Hire External Consultant • Asked IU Compliance folks for references. • Got referred to a consultant from DC, who also serves on national HIPAA committees, etc. • Consultant was given information about the organization, documentation, etc. • Consultant visited IU a couple times to do in-person interviews.
Perform Gap Analysis • Information security Gap Analysis (GA) measures gaps between actual security on the ground and what HIPAA requires. • Involved on-site interviews. • Consultant used the data to identify gaps. • We received the GA report.
Fill Gaps • Reviewed gap analysis report. • Filled as many holes as we could, especially the most serious ones. • Updated documentation. • Got ready for risk assessment.
Assess Risk • Everything we had went into the risk assessment exercise. • Submitted updated documentation and other information as requested to the external consultant. • On-site interviews followed. • Received a risk assessment report. • Report identified risks and scored them.
Follow Standards • We were measured against the NIST 800-53 security standard since it is often used for complying with HIPAA. This was fortuitous later for our FISMA work. • It put an “official seal” & added rigor to the process. • We also reviewed other NIST guidelines and standards such as ISO 27001, etc. and IT best practices.

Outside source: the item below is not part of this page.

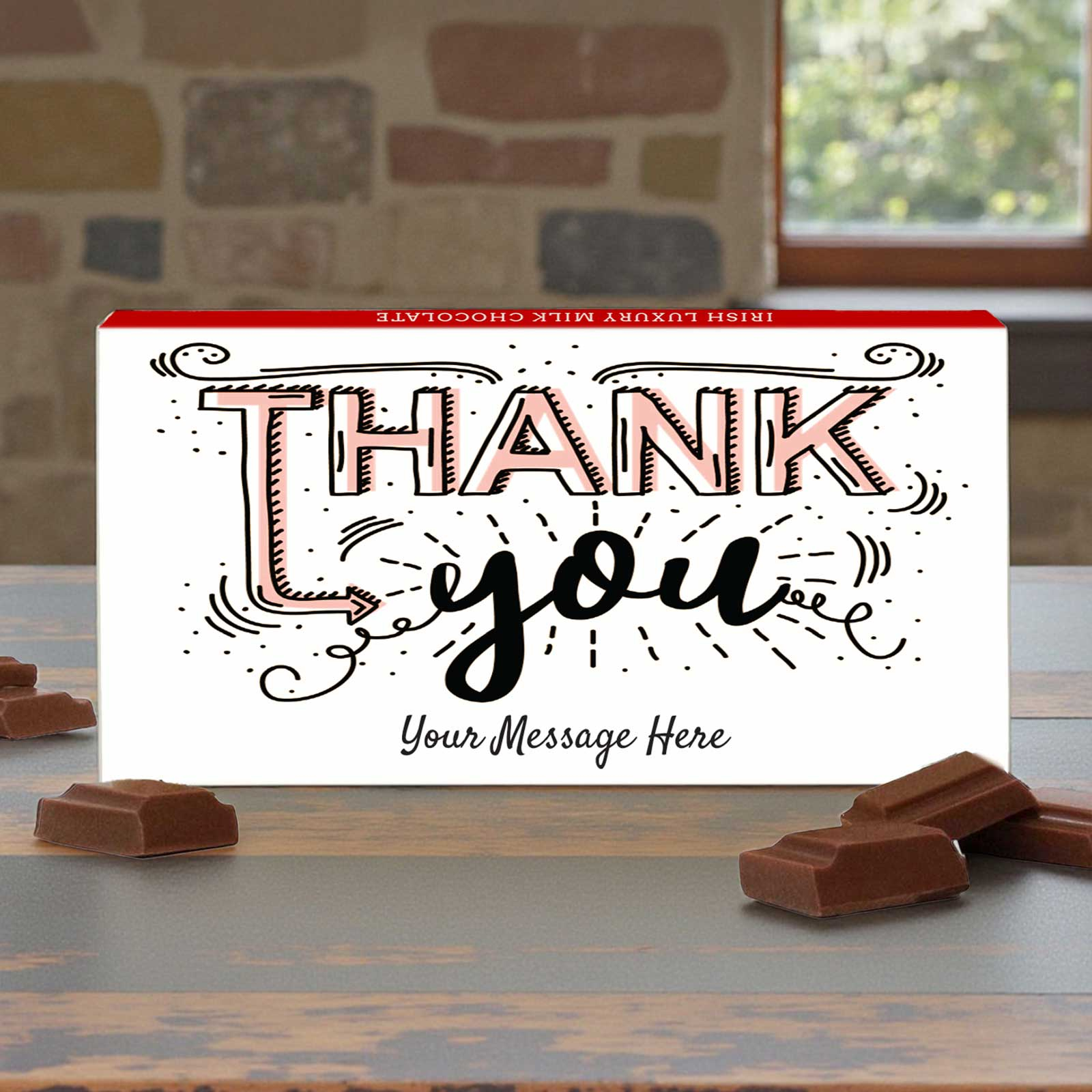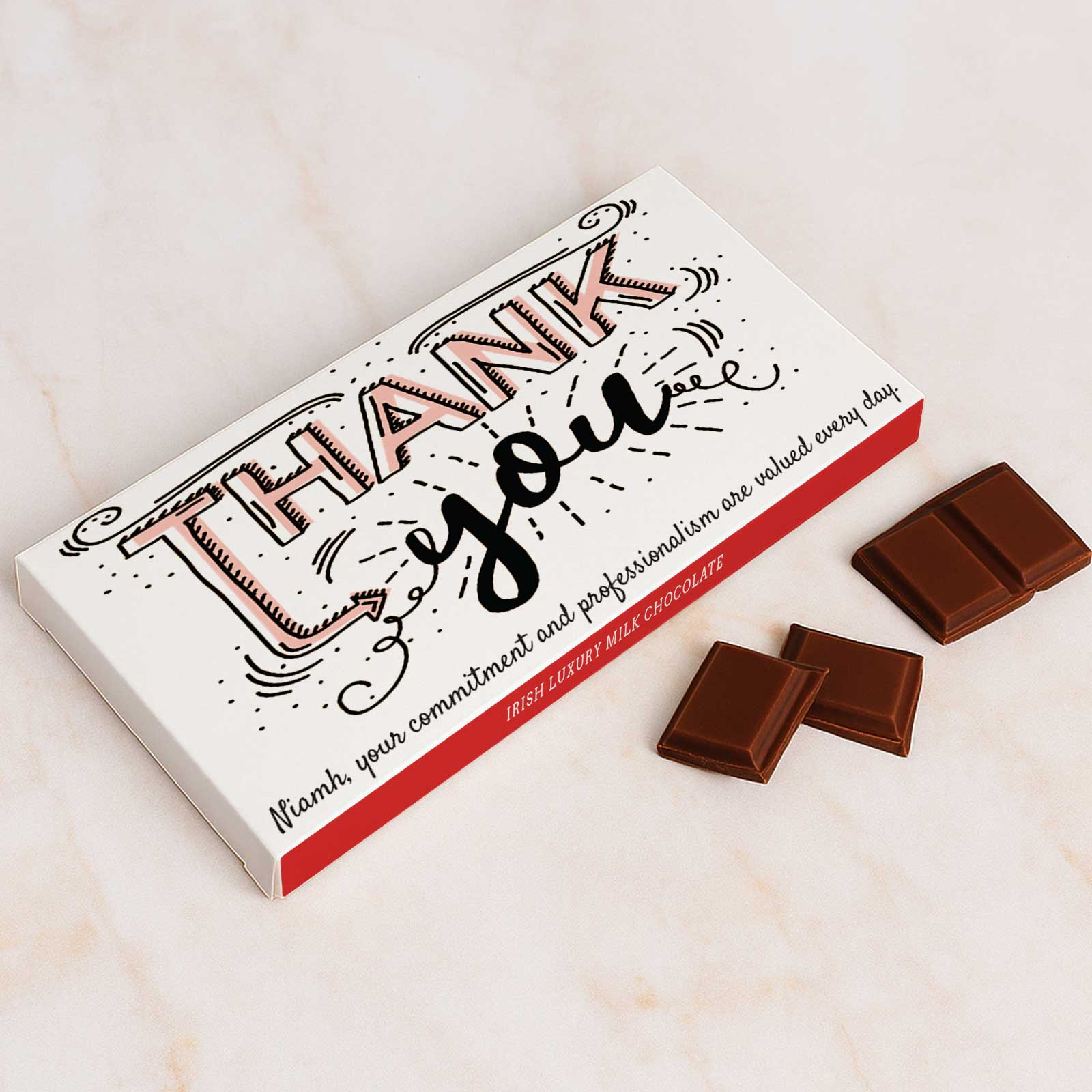 Show your appreciation in the sweetest way with our Thank You Personalised Chocolate Bar 90g. This delightful milk chocolate bar combines rich, creamy Irish luxury chocolate with a personalised message to make your gift truly unique and heartfelt.

Create a Risk Management Plan • Reviewed risk assessment report. • Addressed all risks and documented mitigation, reason for not mitigating, or alternatives. • Submitted the RM plan to the external consultant for review. • Modified RM plan using her recommendations.
Execute Risk Management Plan • Execution involved some short term actions that addressed many high/medium risk items immediately. • Instituted long term processes such as regular reviews, risk monitoring, risk avoidance strategies, etc. • Documented everything (again) …
Get Official Blessing & Advertize • Submitted everything to the oversight committee. • Received an official letter of approval from Compliance in January 2009. • Advertized internally and targeted only IUSM researchers to avoid unnecessary attention.